The continent has never known social democracy

This question regarding Lula is so broad and occupies such a central position in reflection on Latin America that nobody could presume to provide a satisfactory answer. But while it many not be possible to contribute all the necessary arguments, there’s still a need to offer at least a hypothesis. Mine is that the inequality in most Latin American countries has been so transformed into a structural dualism that the continent appears incapable of achieving what Great Britain, the United States, France and other countries were able to create: something that reaches beyond political democracy, but doesn’t destroy it and even reinforces it; a social democracy rooted in recognition, whether by law or collective negotiation, of workers’ rights.

This image evoked by industrial European and North American society isn’t compatible with Brazil’s reality, where the state has almost permanently directed both economic action and social policy since the failure of the pre-1930s Liberal attempts, without underestimating the importance of Juscelino Kubitschek’s presidency (1956-61).

The Latin American political system’s most important trait has been its consistent inability to create both a social democracy and a social revolution. With the obvious exception of Cuba, Latin America has never been either Liberal or revolutionary. But even Cuba is only an apparent exception, as Fidel Castro announced his rejection of the Latin American model upon taking power and announced the Martí-inspired priority of fighting for national independence, a priority that would lead him to associate with the Soviet Bloc.

That failed mixture of nationalism and populism

Unable to formulate a policy based on democratic rights and to undertake profound structural changes, Latin America has never managed to free itself from a confused mixture of nationalism and populism, the most famous example of which has been Peronism. This has led to a double failure: both the sinking—or even the disappearance—of the political system and the absence of social transformation. This could be observed particularly in the Argentinean crisis of 2001, which represented the massive decline of the middle classes rather than any uprising of the working classes. So when everything appeared to favor Lula, Brazil’s failure forces us to conclude that the possibility of providing a solution in the region that is both transforming and democratic has been greatly reduced, or may even have disappeared completely.

For the past 20 years ago people everywhere have been talking about the need to prioritize the fight against inequalities. Generally speaking, that fight has either not taken place at all or has failed to achieve its objectives. We thus have to conclude that the great virtual model of Latin American politics—the association between a reinforced democracy and a voluntarist social transformation—has no real possibility of being realized in the future.
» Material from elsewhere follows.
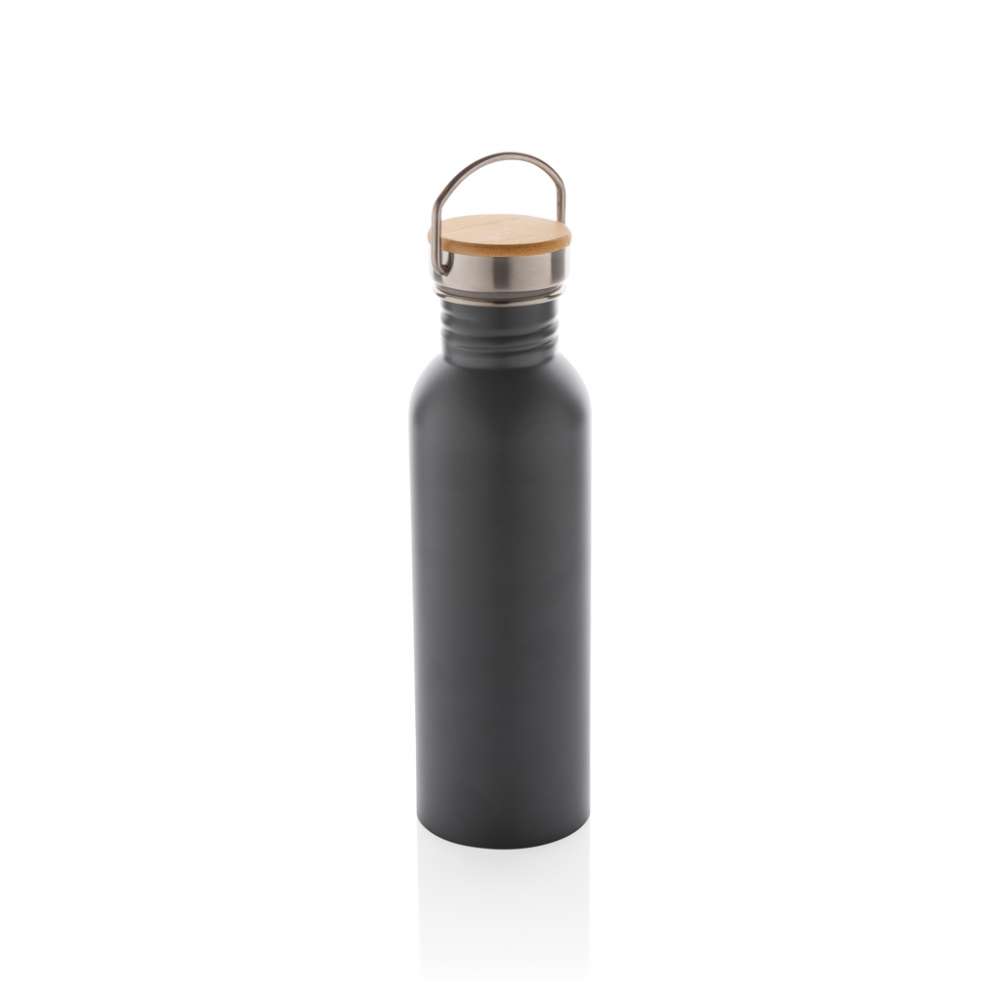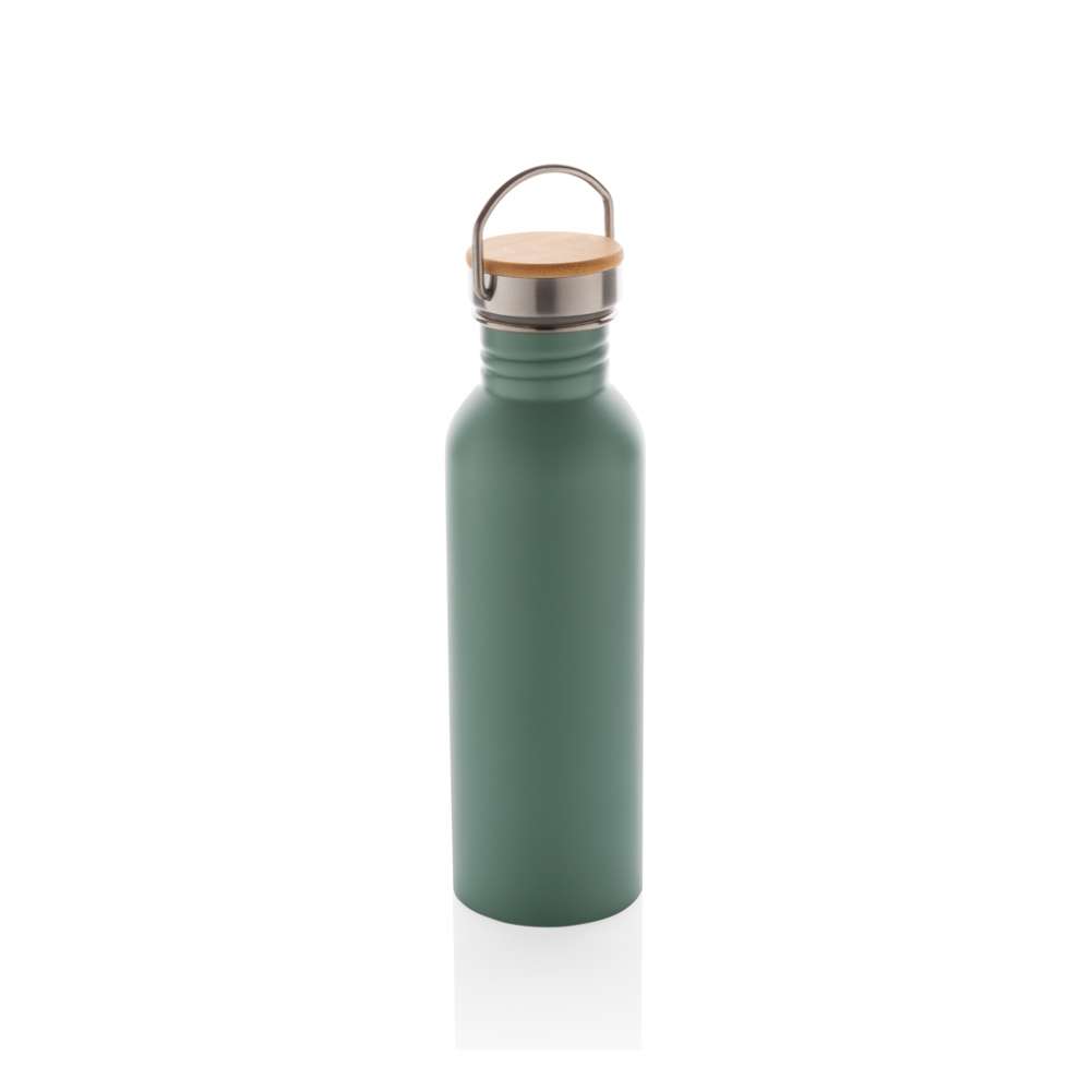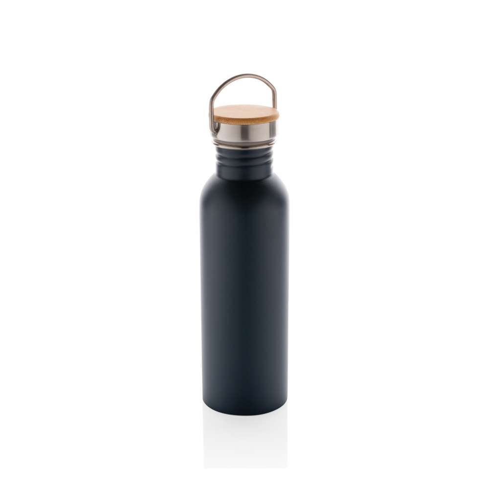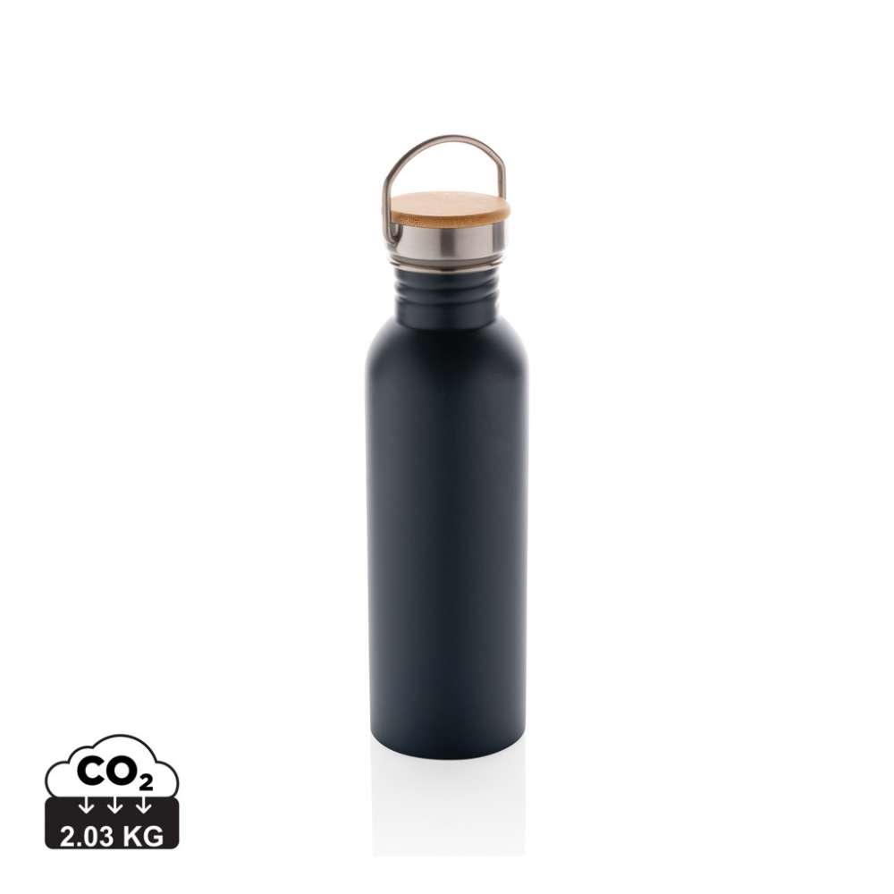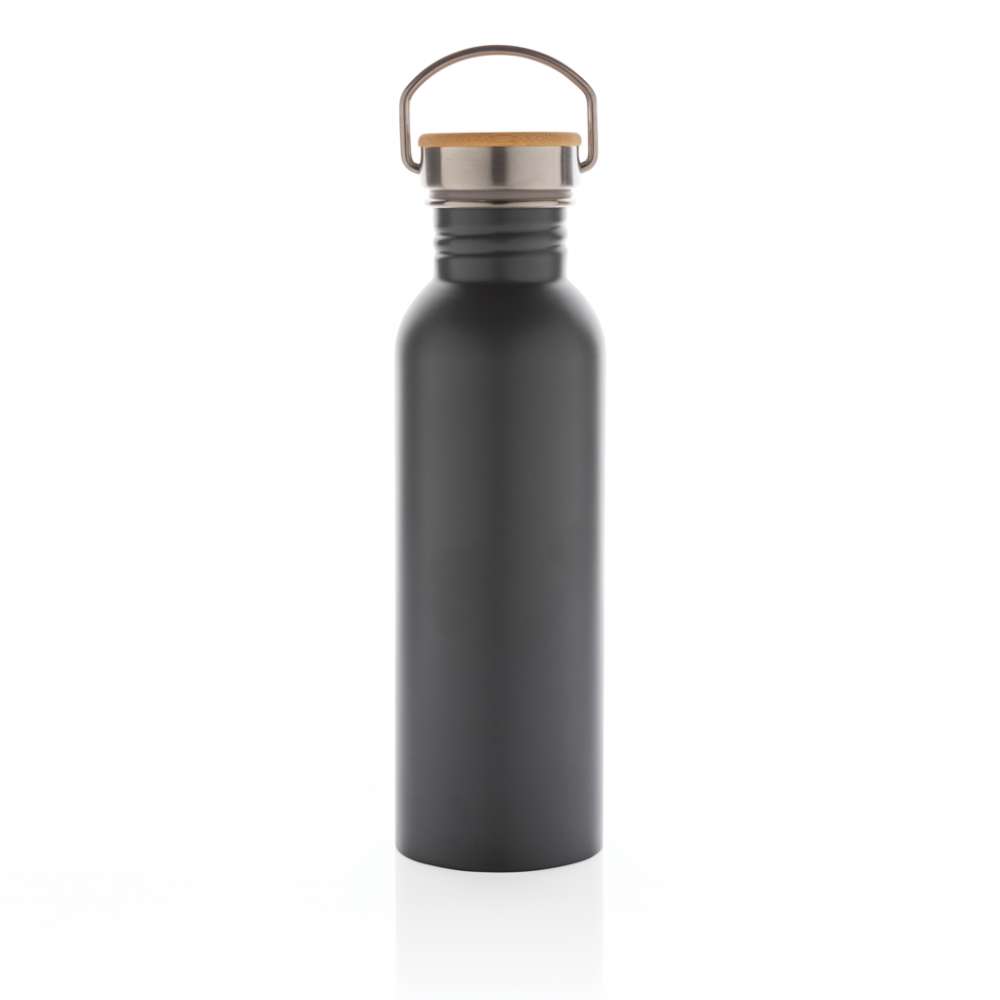 Flaska med stilren design. Modern enkelväggig flaska i stainless steel, även locket är i stainless steel med ovansida i bambu och en bärögla. Volym: 710ml. BPA-fri. Endast handdisk.

The political events that have taken place in various countries of the continent do nothing to encourage the idea of a general movement leftwards. Once again the opposite conclusion that I have arrived at imposes itself: the abiding and profound failure of a vigorous social democracy. The real question with respect to the current situation doesn’t concern the role of some dimension or other of social democracy. The problem that has to be clearly laid out is that of the opportunities open to the new politics of rupture inspired by Fidel Castro and currently represented by Venezuela.

With that model, Hugo Chávez has a chance to create a much more radical political and social voluntarism, particularly compared to the opportunities of the Southern Cone countries. Given the failure of Ollanta Humala’s candidacy in Peru and the complexity of the Ecuadorian situation—and leaving aside the case of Colombia, which would require a quite different analysis—Bolivia is without any doubt the place where the continent’s political life is being decided, together with its capacity to invent a social and political model capable of operating in an extraordinarily difficult situation.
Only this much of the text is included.